* What you will do: Starting with the line that has "오피스를 설치후 엑셀을 실행해봤습니다. 제품 키 입력하는 화면이 나옵니다." and finishing with the line that has "Eleven of Oregon’s", set down each line below exactly. Pictures are not copied.

*** Data for this task

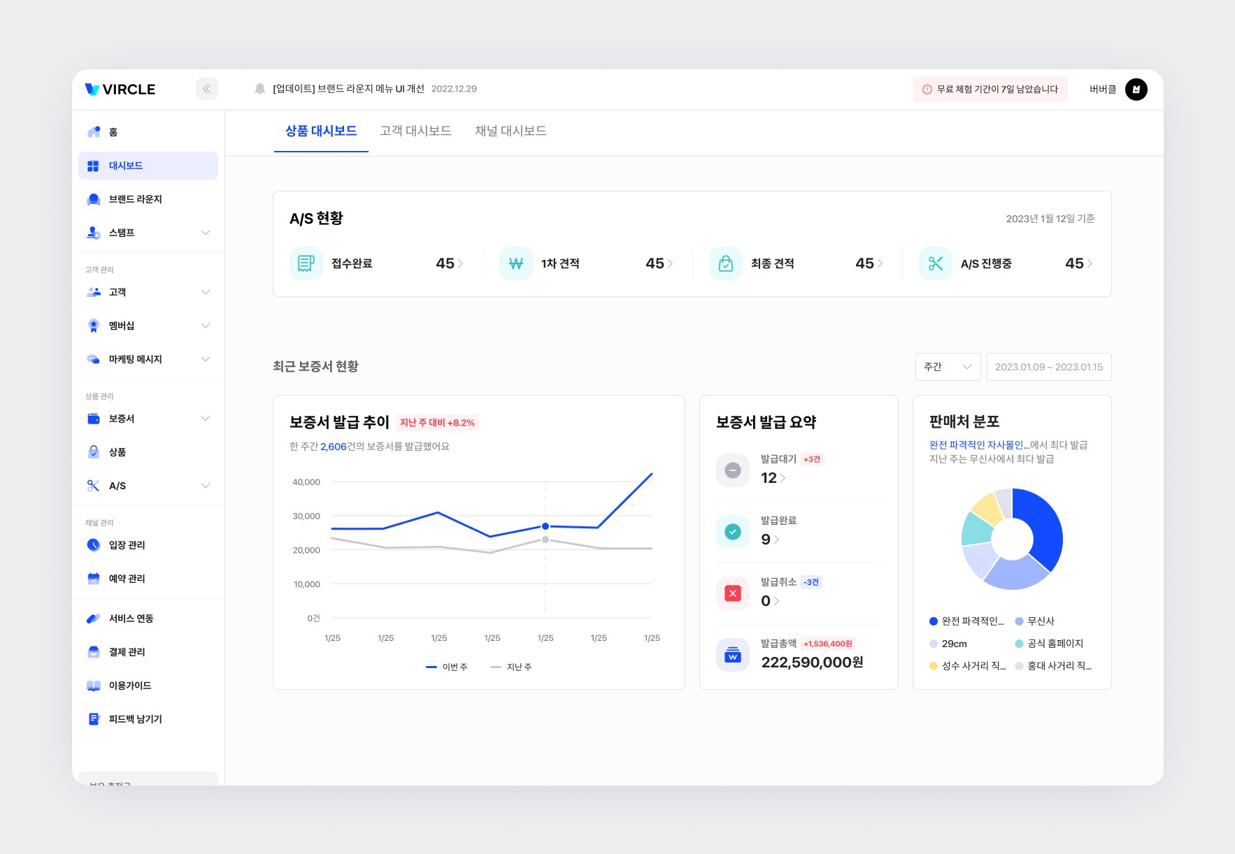 상품 판매 현황부터 A/S 접수 현황에 대한 인사이트를 제공합니다.
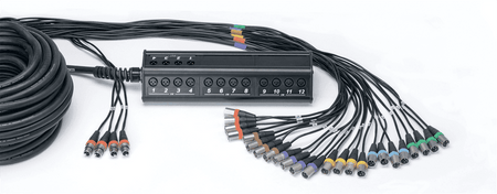 Sistema de audio multicore analógico compuesto por una caja de escenario de sobremesa con chasis metálico y una manguera de cable de 30 metros. La configuración de canales es de 24 entradas y 4 salidas. Todos los conectores son de tipo XLR de 3 pines, fabricados por REAN. El sistema incluye protección contra tirones y torceduras tanto en la caja como en el spliter del cable. El spliter cuenta con tubos termorretráctiles marcados para la identificación de canales.
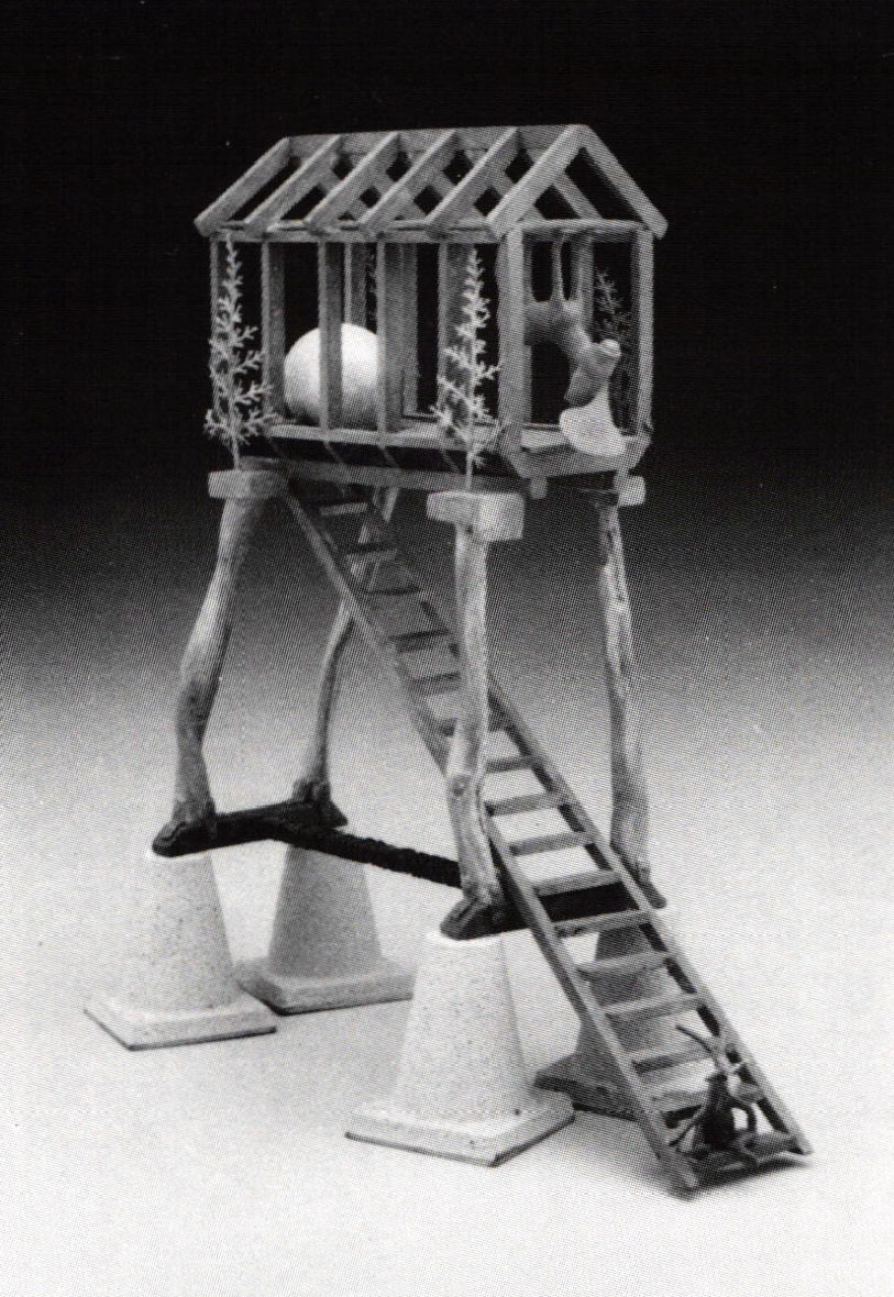 The painted bronze castings of Rand Schiltz (San Jose, CA) presented some fresh forms and whimsical themes. They appear to be multiple piece castings (four were exhibited) that are joined together almost as if they were folk art wood constructions. The colors are light and lyrical, and the subject matter is very narrative and certainly erotic. Jurying from slides can provide some real surprises. Since the works are only about 14 inches high, the detailed and erect male genitalia on three of the pieces were totally unnoticed by the jurors when they viewed the slides. However, they were noticed by many viewers, a few of whom let it be known to the museum personnel that they were not pleased. To the credit of the museum director, the pieces remained on full view throughout the exhibition.
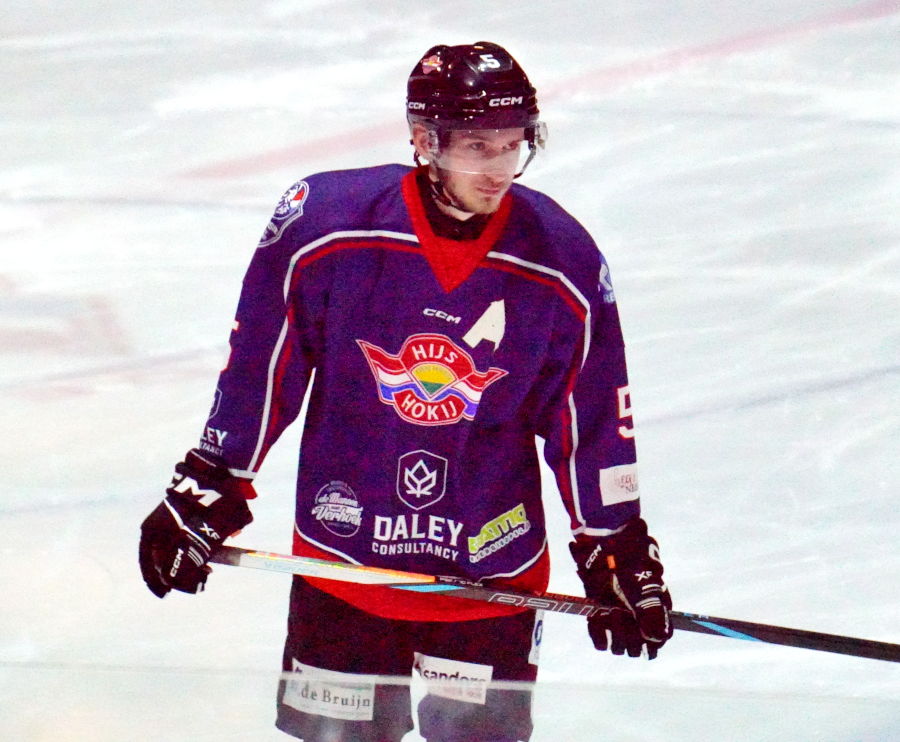 Tommy van Zanten, linkervleugel van HIJS HOKIJ Den Haag Eredivisie In de slotperiode verdwijnt Carsten Smit al rap naar de strafbank. Op de powerplay komt Niels Hupkes vanaf de blauwe lijn. De puck is het prooi van de vanghandschoen van Almer de Boer. Na de powerplay schiet Tudor Nechita op de paal. Met dit wapenfeit kwam HIJS het dichtst bij een doelpunt. Een polsschot van Valtteri Mäkiviinikka en het is 0-4 na 48.21. Nadat Tommy van Zanten in de vanghandschoen van De Boer schiet gaat verdediger Behrend Piket in de fout. De bij de verre paal geposteerde verdediger Valtteri Mäkiviinikka weet dan tijdens de powerplay de pass van Niko Kuivaniemi te verzilveren voor 0-5 (53.27). Overigens wordt op de wedstrijdsheet Niko als doelpuntenmaker aangegeven! En daarmee was de wedstrijd wel zo'n beetje gespeeld. Almer de Boer legt zijn kooitje plat. Een shutout gerealiseerd. Einde seizoen voor het Eredivisieteam van HIJS HOKIJ Den Haag. Terwijl GIJS met het verlies van Zoetermeer en eigen winst zich verzekerde van de zesde plaat in de eindrangschikking en zich kan opmaken voor de kwartfinale Play-Offs serie tegen Dragons Utrecht.
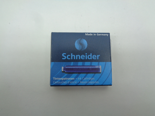 Caixa c/6 cartuchos de tinta Schneider para caneta tinteiro, medida universal, cabe na maioria dos modelos de caneta tinteiro, cor azul permanente, made in Germany.
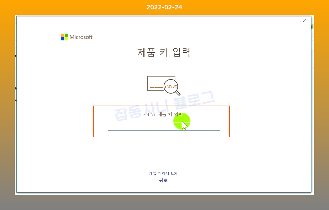 오피스를 설치후 엑셀을 실행해봤습니다. 제품 키 입력하는 화면이 나옵니다.
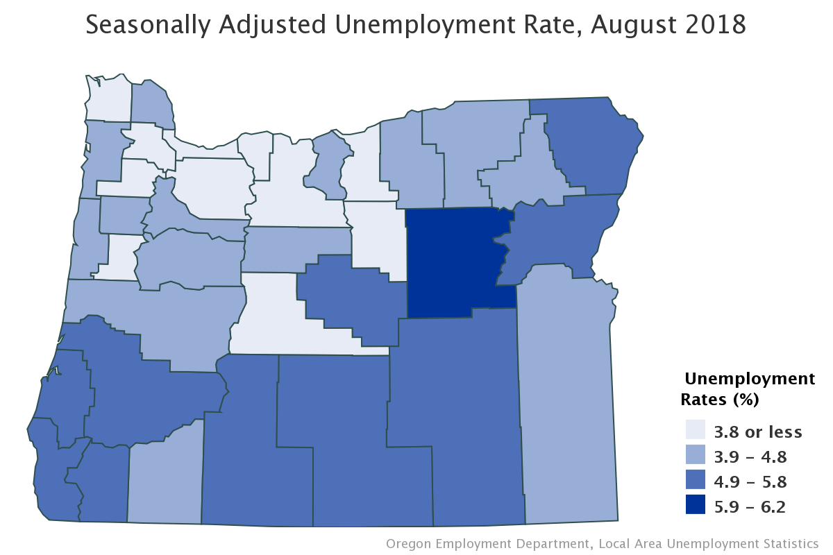 Eleven of Oregon’s counties had unemployment rates below the statewide unemployment rate of 3.8 percent and thirteen were at or below the national rate of 3.9 percent.
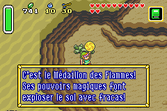 Pour le tuer, utilisez le grappin pour attraper une à une les boules orange. Puis tuez-les avec l'épée. Lorsqu'il n'y a plus de petites boules autour de lui, le boss va commencer à sauter...Bougez pour qu'il ne vous tombe pas dessus !!! et quand il s'approche finissez de le tuer avec votre épée !! Vous obtenez un quart de coeur et délivrez la 2ème des 7 filles. En sortant du Palais, dirigez-vous vers la gauche, jusqu'à une rangée de rondins (photos ci-dessous), utilisez le miroir à cet endroit pour changer de monde. Alllez jusqu'à la stèle sur la gauche, utilisez le livre et levez Excalibur, vous gagnez le médaillon des flammes !!!
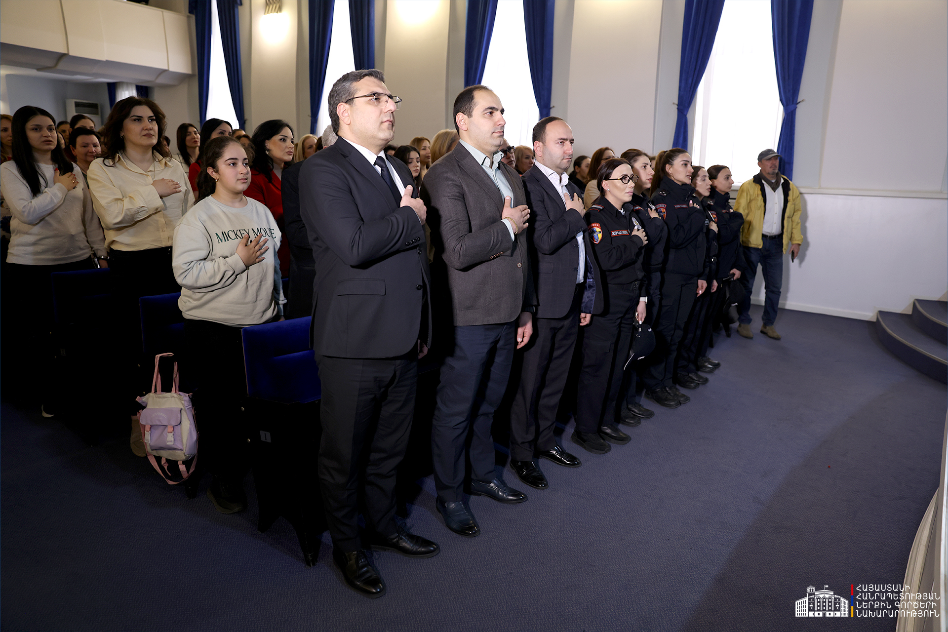 ՆԳ նախարարի տեղակալ Արմեն Մկրտչյանն իր ելույթում անփոխարինելի համարելով կանանց դերը նախարարության և ենթակա ծառայությունների կայացման ու զարգացման գործում՝ ընդգծել է, որ նրանք բարձր պատասխանատվությամբ ու նվիրումով են իրականացնում իրենց մասնագիտական առաքելությունը՝ պատվով հաղթահարելով ծառայության բարդություններն ու մարտահրավերները:
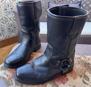Botas de moto altas de cuero de la marca Lovo. Son del numero 45 - Material: Cuero. - Color: Negro. - Cierre de cremallera lateral. - Correa decorativa con hebilla metálica.
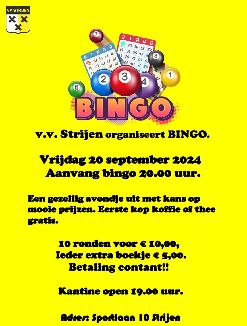 Strijen – Voetbalvereniging Strijen organiseert op vrijdag 20 september 2024 een gezellige bingoavond. De bingo begint om 20:00 uur en vindt plaats aan de Sportlaan 10 in Strijen. De kantine gaat open om 19:00 uur.
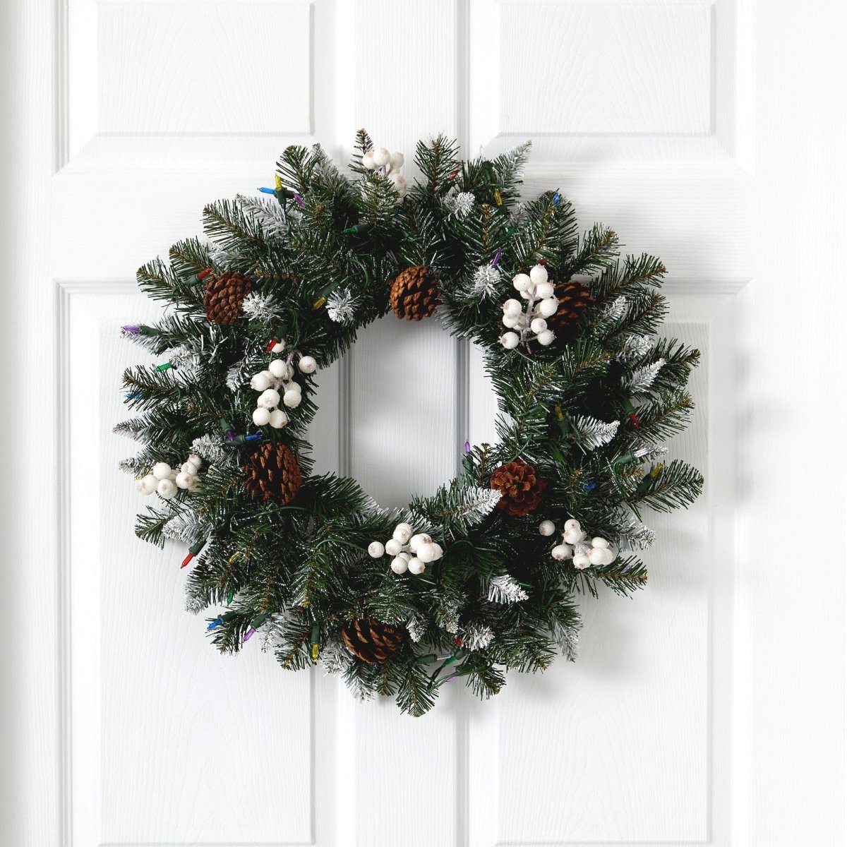 Light up your favorite seasonal accents while adding serious curb-side appeal with this artificial Christmas wreath intricately designed from realistic looking foliage in a palette of seasonal evergreens and accented throughout with faux pinecones that look incredibly realistic - all finished with a light dusting of fake snow. Arriving pre-strung with 50 multi-colored LED lights to effortlessly illuminate either a wall or door, this 24' (in circumference) decorative wreath makes for an inviting accent and will undoubtedly transform any entrance all throughout the holiday season.
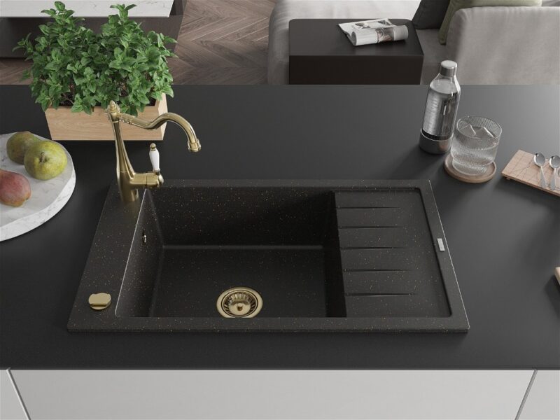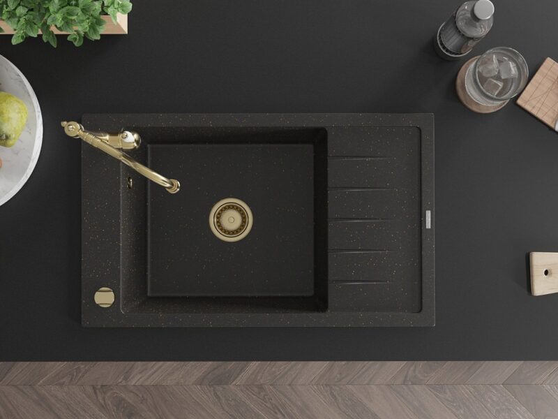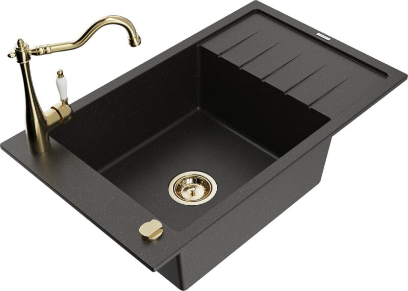 Technické dáta: drez: Rozmer: 795 x 480 x 200 mm Hĺbka komory: 190 mm Rozmery komory: 465×420 mm Priemer odtoku: ø90 mm Typ: 1-miska s krátkym odkvapkávačom Typ: Zapustené do pracovnej dosky Farba: čierna / zlatá metalíza Povrchová úprava sifónu: zlatá Materiál: žula (80% žulové kamenivo, 20% živice) Prepadový otvor: Áno Otvory: (batérie, automatické) 2 Inštalácia: Univerzálna, je možné inštalovať s odkvapkávačom na ľavú alebo pravú stranu Vysoká odolnosť proti poškriabaniu a zmene farby Odolnosť proti tepelným šokom Ľahko čistiteľný povrch Jeden dodatočný vyfrézovaný otvor na samodierovanie ø35 kuchynská batéria: Materiál: mosadz Farba: Zlatá Hlava: Keramická Prevzdušňovač: Áno Typ: Jedna páka Výška batérie: 290 mm Rozsah výtoku: 260 mm(GT) Ean: 5905315040121
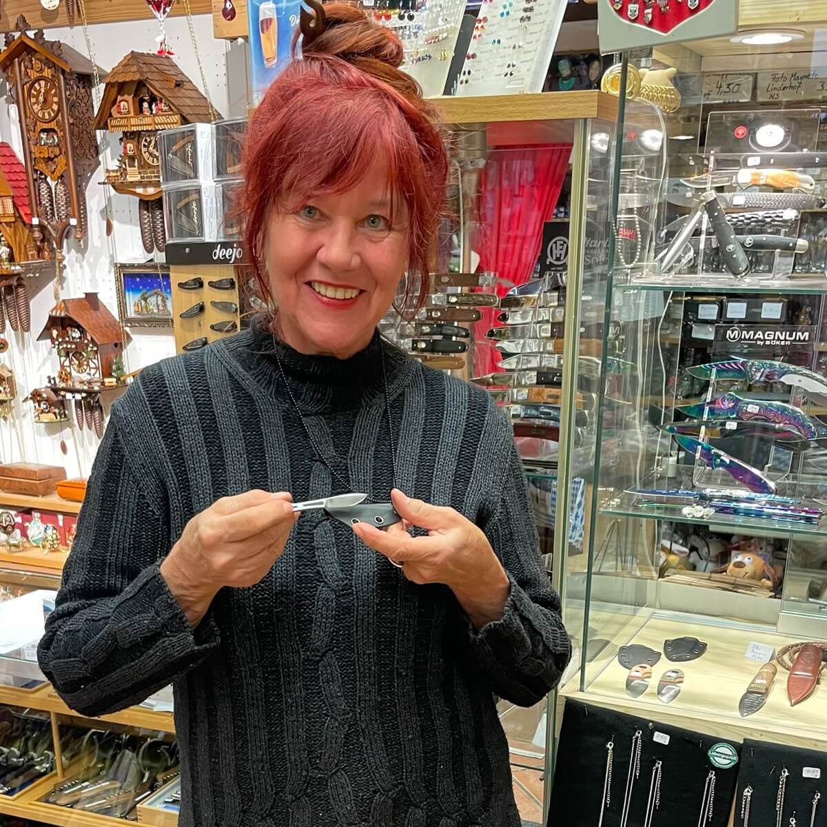 This month we are delighted to tell you about Gabriele Furtner and her long-standing commitment to the family business Souvenir Furtner in Oberammergau. "I have been working in this business for 40 years, first as an employee and for 26 years as a self-employed person. My passion for knives began at an early age, when I was given my first knife for hunting mushrooms at the age of 5." Over time, an enthusiasm for high-quality knives developed, which is also reflected in the wide range of products.

******

* Problem solution:
 오피스를 설치후 엑셀을 실행해봤습니다. 제품 키 입력하는 화면이 나옵니다.
 Eleven of Oregon’s counties had unemployment rates below the statewide unemployment rate of 3.8 percent and thirteen were at or below the national rate of 3.9 percent.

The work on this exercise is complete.